El alcalde los alcanza cuando van a salir. Le quiere convidar una copa de licor de vainilla.
En la sala –muebles de palma, consolas románticas, espejo, caracoles enormes, estrellas de mar,
plumas de pavo, amplificaciones familiares – toman la copa.
El yanqui insiste en salir a pasear. Convida al alcalde. Arrastra a Panchito. Quiere que su abogado
haga investigaciones con el juez. Prefiere que las realice a solas.
El alcalde accede a regañadientes. La Ulogia lo espera. Con ella sus ardientes caricias.

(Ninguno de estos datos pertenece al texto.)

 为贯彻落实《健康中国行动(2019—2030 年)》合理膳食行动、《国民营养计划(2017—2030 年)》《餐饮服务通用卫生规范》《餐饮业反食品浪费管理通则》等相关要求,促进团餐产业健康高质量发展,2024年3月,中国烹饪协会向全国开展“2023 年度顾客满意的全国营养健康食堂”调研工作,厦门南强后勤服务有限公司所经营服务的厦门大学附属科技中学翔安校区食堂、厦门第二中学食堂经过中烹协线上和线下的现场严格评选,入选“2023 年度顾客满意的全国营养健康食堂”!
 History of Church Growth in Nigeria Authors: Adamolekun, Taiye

El gringo, al llegar al jardín, grita asustado:
- ¡Oh, un lagarto, un lagarto!
Intenta correr. Panchito lo detiene.
- No tenga miedo, Mister. No hace nada. Es una iguana. Se come los ratones y las tusas... Mire
usted...
65
Y Panchito se llega a ella, la recoge. La iguana lo colea cuidadosa. Parece acariciar a un viejo
conocido. Panchito le pasa la mano por el lomo, cantando un viejo son:
A la gea, gea,
¡Qué iguana tan fea!
Se sube al árbol
y se zarandea,
pone su huevito
y luego se apea.
- Pone su huevito...
- Y luego se apea...
Hacían el eco el loro y la cotorra. Sus periqueras guardan la puerta de la sala. Sus plumas
brillantes la limitan, como los Indios Verdes el canal de La Viga.

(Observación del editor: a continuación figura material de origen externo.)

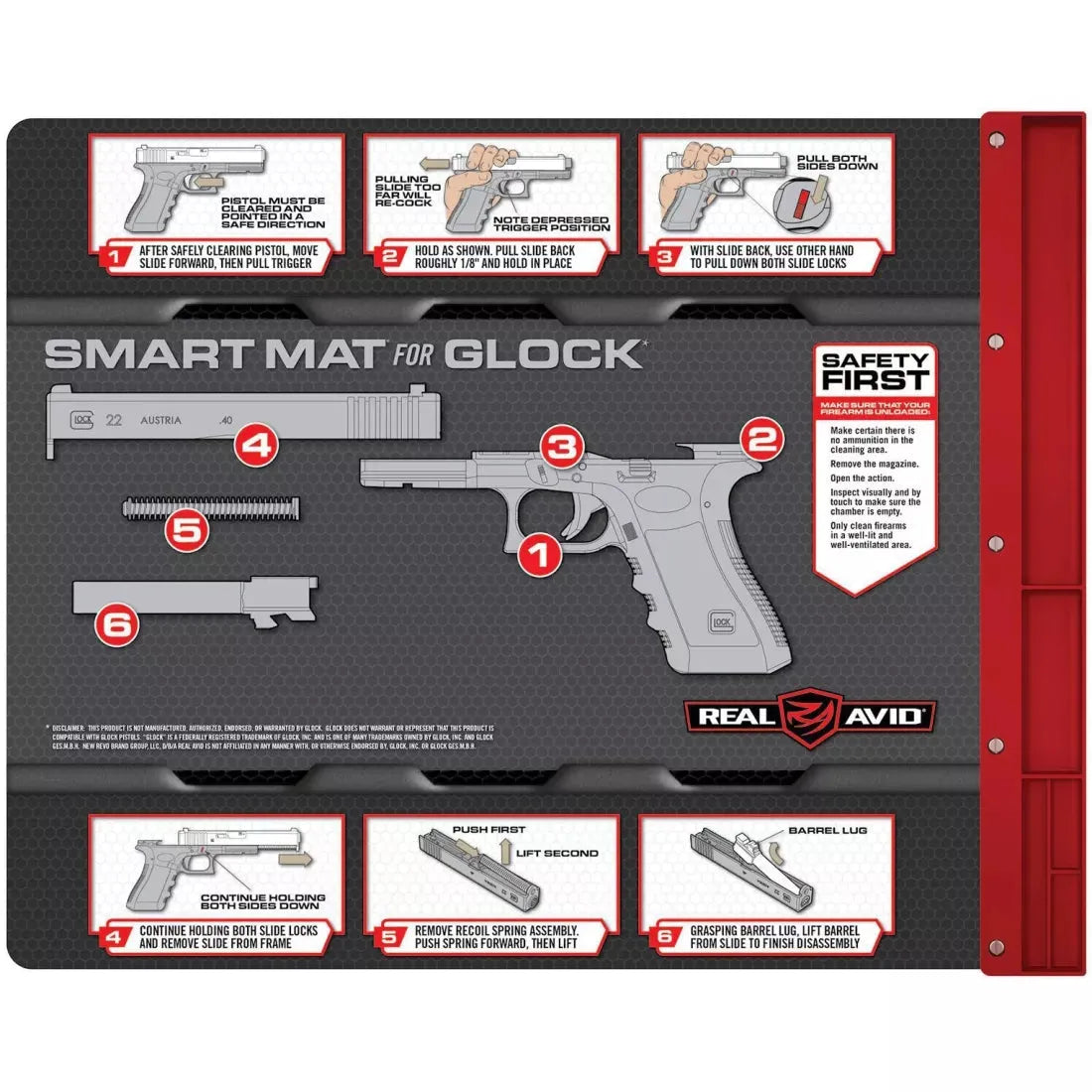 Real Avid Smart Mat for Glock er en spesialdesignet våpenmatte laget for demontering og rengjøring av Glock-pistoler. Med en overflate på 48x41cm gir denne matten god plass til å arbeide med pistolen mens integrert trinn-for-trinn demonteringsguide gir en enkel og trygg prosess for brukeren.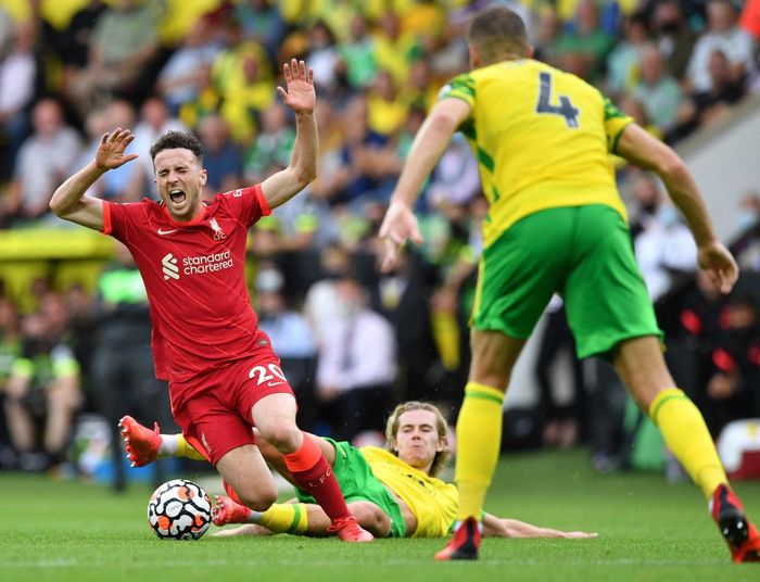 SÅ KOMMER DEN! Og det er Jota som åpner Liverpools målkonto for sesongen! Alexander-Arnold finner Salah som får en liten touch på ballen som gir Jota fri bane. Portugiseren banker Liverpool i føringen! Foto: Reuters.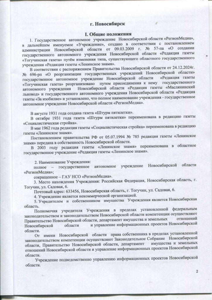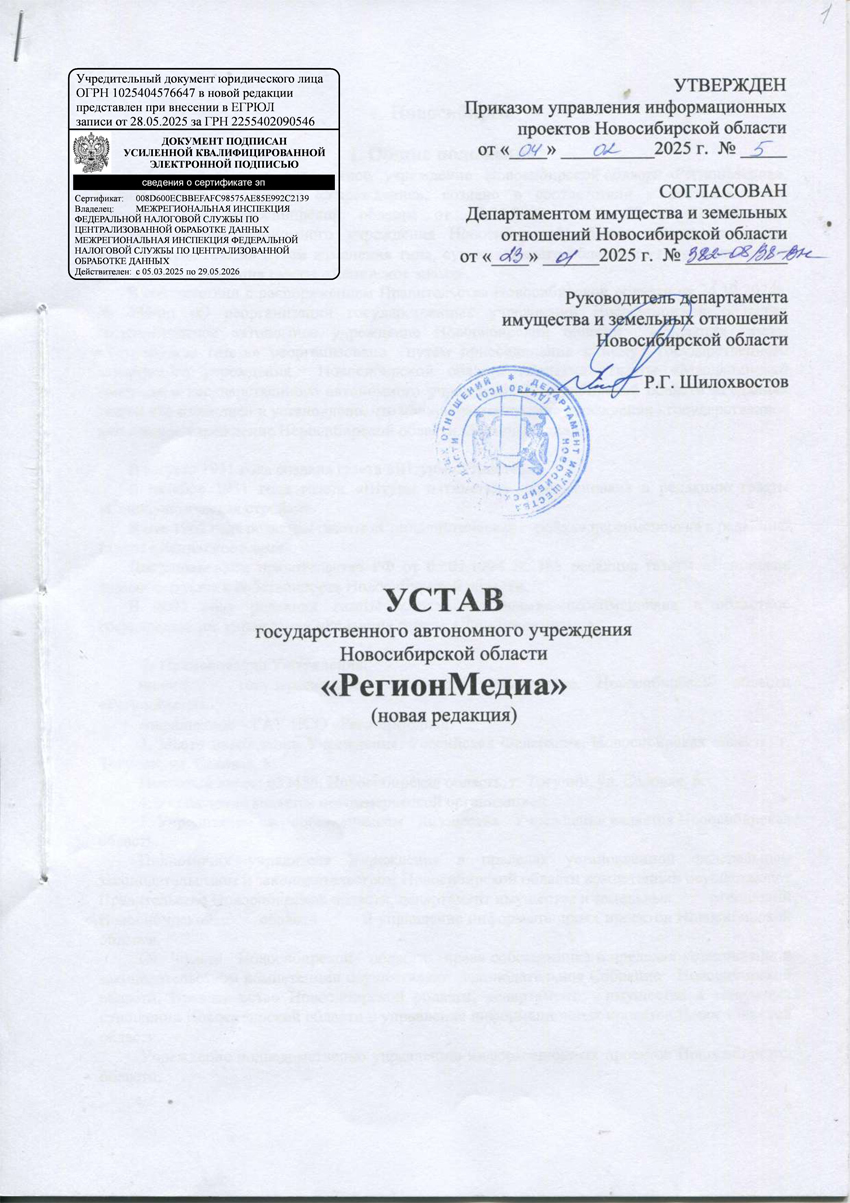 Устав ГАУ НСО «РегионМедиа»

El yanqui piensa que en la noche no dejarán dormir con sus chillidos.
Recuerda que en la noche colocarán las camas en la sala – es la pieza más amplia, mejor
ventilada, menos calurosa.
- Estos pericos tienen mucha memoria, - comenta el alcalde, - repiten todo lo que oyen.
- Oh, listos los pericos, listos los pericos...

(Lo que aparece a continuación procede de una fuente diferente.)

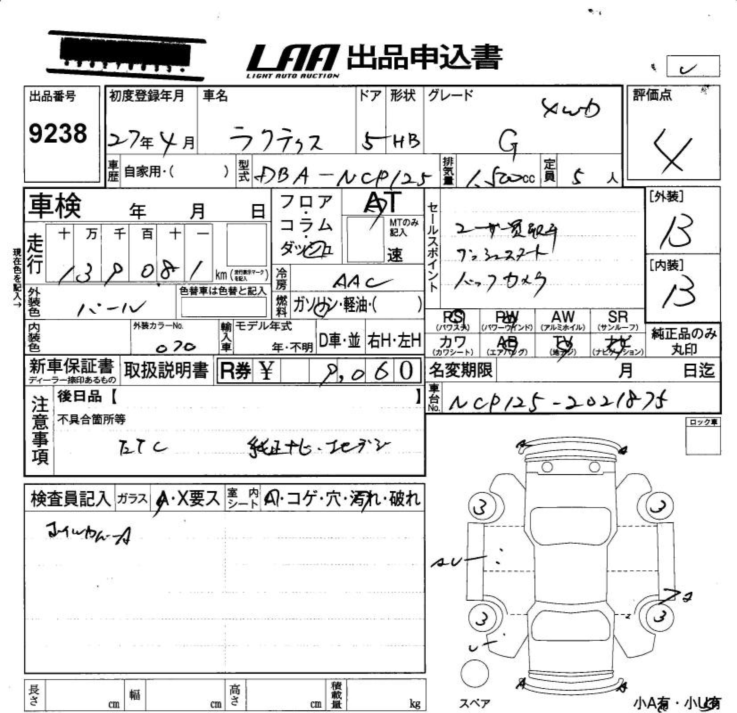 TOYOTA RACTIS - лот 9238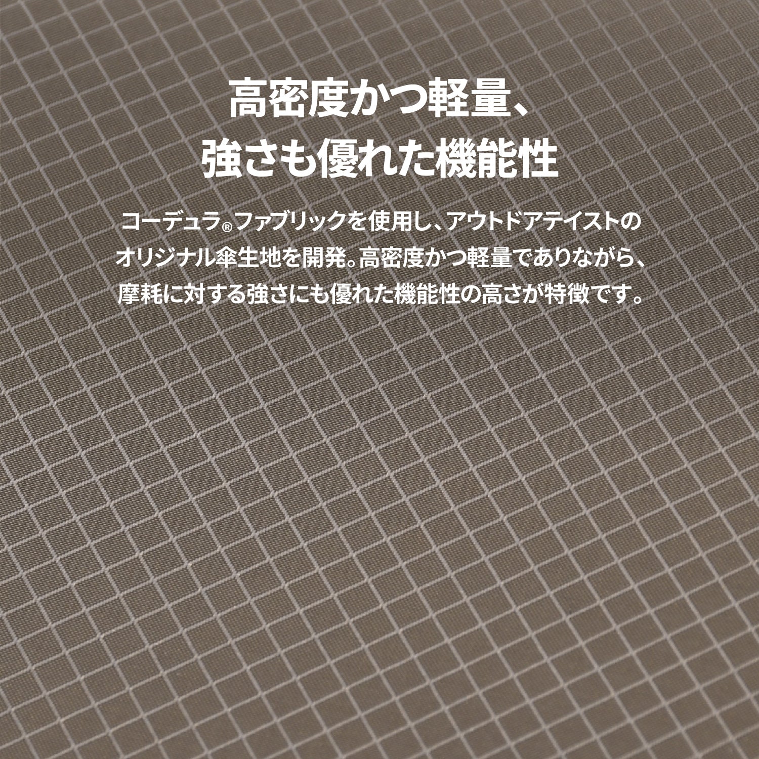 A. 一般的な傘生地よりもはるかに高い耐摩耗性と引き裂き強度を誇ります。アウトドアシーンや毎日のハードな使用でも生地が傷みにくく、お気に入りの一本を長く愛用できる耐久性を備えているのが最大の特徴です。

- ¿Qué quieres por tus tierritas, Panchito? – Pregunta el secretario cuando aquel vuelve de paseo.
- ¿Por mis tierritas? ¿Pa qué las quieres?
- Hombre, t’estimo y un cliente m’encarg’unas, pues aunque no sirvan te las compro, ¿hace?
. Bueno, pero ¿qué me das?
- No, ¿pos qué quieres?
- Te diré...
Panchito se rasca la cabeza. Panchito no halla qué pedir. Cree que sus tierras nada valen. Pero
algo han de valer puesto que alguien las quiere. ¿O será de veras que el secretario lo hace por
ayudarlo? Pero si nunca lo ha podido ver. Pero si sus tierras no sirven. El agua es aceitosa, todo lo
quema... ¡maldita chapopotera!
- Bueno, ¿pues cuánto quieres?
- Te diré, mano, te diré...
- Mira si no hallas cuánto, te compro cosas. Mira, te compro un buen fonógrafo que hace mucho
querías... –En Panchito, se despierta la ambición, are tamaños ojos -... te compro una máquina,
una buena jarana, un escritorio, un acordión, - Panchito no decide. Panchito está asombrado. El
otro sigue ofreciendo más – una hamaca de Mérida, un sarape... y mil pesos, ¿hace?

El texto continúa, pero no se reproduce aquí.